We're a decade and a half into the "common core" experiment in educational standardization. The majority of the country has now signed up to a standardized and rigid curriculum that treats overworked teachers as untrustworthy slackers who need to be disciplined by measuring their output through standard lessons and evaluations:
https://en.wikipedia.org/wiki/Common_Core
This system is rigid enough, but it gets even worse at the secondary level, especially when combined with the Advanced Placement (AP) courses, which adds another layer of inflexible benchmarks to the highest-stakes, most anxiety-provoking classes in the system:
https://en.wikipedia.org/wiki/Advanced_Placement
It is a system singularly lacking in grace. Ironically, this unforgiving system was sold as a way of correcting the injustice at the heart of the US public education system, which funds schools based on local taxation. That means that rich neighborhoods have better funded schools. Rather than equalizing public educational funding, the standardizers promised to ensure the quality of instruction at the worst-funded schools by measuring the educational outcomes with standard tools.

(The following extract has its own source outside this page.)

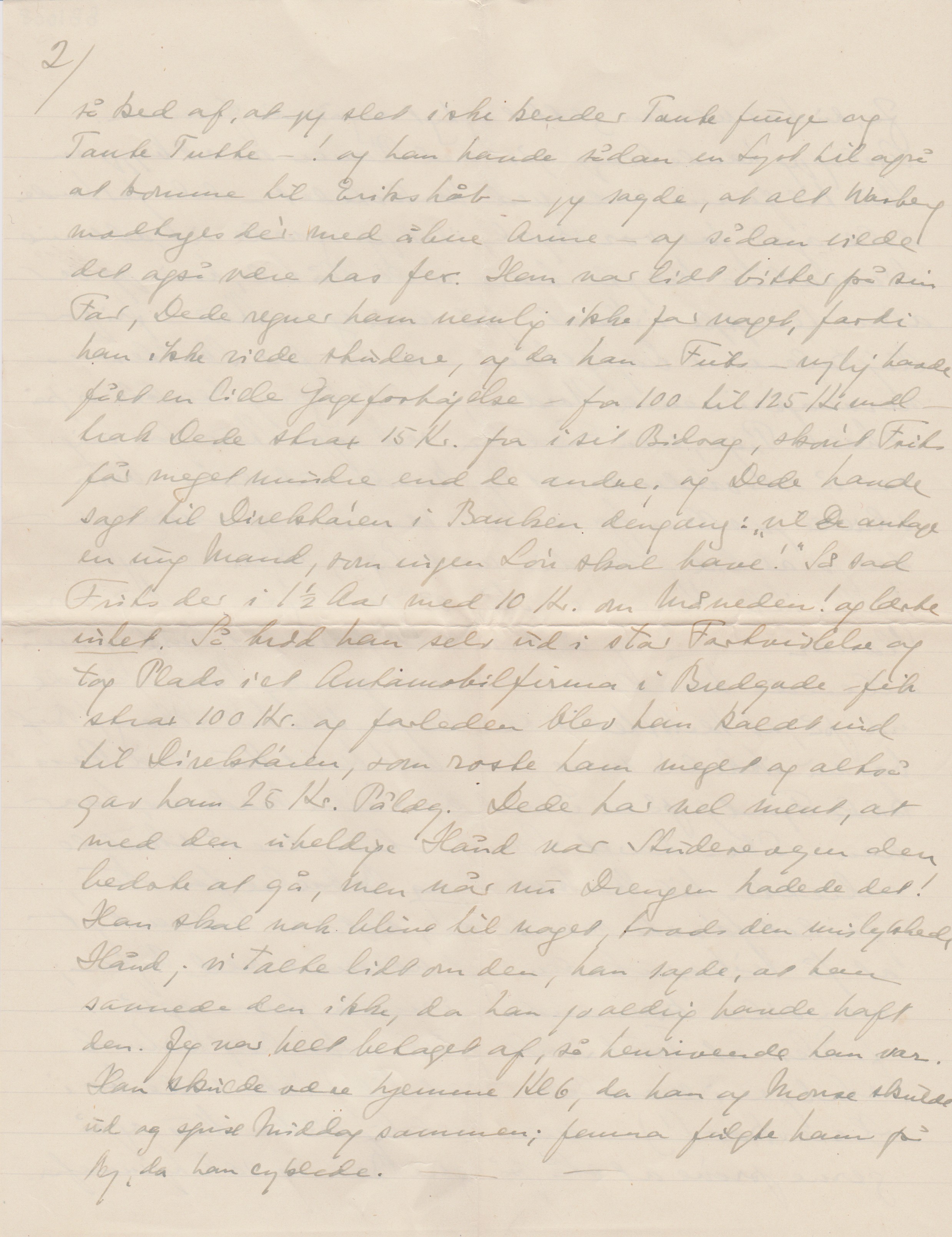 så ked af, at jeg slet ikke kender Tante Junge og Tante Tutte - , ! og han havde sådan en Lyst til også at komme til Erikshåb – jeg sagde, at alt Warberg modtages dèr med åbne Arme – og sådan vilde det også være hos Jer. Han var lidt bitter på sin Far, Dede regner ham nemlig ikke for noget, fordi han ikke vilde studere, og da han – Frits – nylig havde fået en lille Gageforhøjelse – fra 100 til 125 Kr mdl – trak Dede strax 15 Kr. fra i sit Bidrag, skønt Frits får meget mindre end de andre; og Dede havde sagt til Direktøren i Banken dengang: ”vil De antage en ung Mand, som ingen Løn skal have!” Så sad Frits der i 1½ Aar med 10 Kr. om Måneden! og lærte intet. Så brød han selv ud i stor Fortvivlelse og tog Plads i et Automobilfirma i Bredgade – fik strax 100 Kr. og forleden blev han kaldt ind til Direktøren, som roste ham meget og altså gav ham 25 Kr. Pålæg. Dede havde vel ment, at med den uheldige Hånd var Studerevejen den bedste at gå, men når nu Drengen hadede det! Han skal nok blive til noget, trods den mislykkede Hånd; vi talte lidt om den, han sagde, at han savnede den ikke, da han jo aldrig havde haft den. Jeg var helt betaget af, så henrivende han var. Han skulde være hjemme Kl 6, da han og Manse skulde ud at spise Middag sammen; Janna fulgte ham på vej, da han cyklede. - -

But the joke's on the middle-class families who backed standardized instruction over standardized funding. Their own kids need slack as much as anyone's, and a system that promises to put the nation's kids through the same benchmarks on the same timetable is bad for everyone:
https://pluralistic.net/2021/11/28/give-me-slack-2/
Undoing this is above my pay-grade. I've already got more causes to crusade on than I have time for. But there is a piece of tantalyzingly low-hanging fruit that is dangling right there, and even though I'm not gonna pick it, I can't get it out of my head, so I figured I'd write about it and hope I can lazyweb it into existence.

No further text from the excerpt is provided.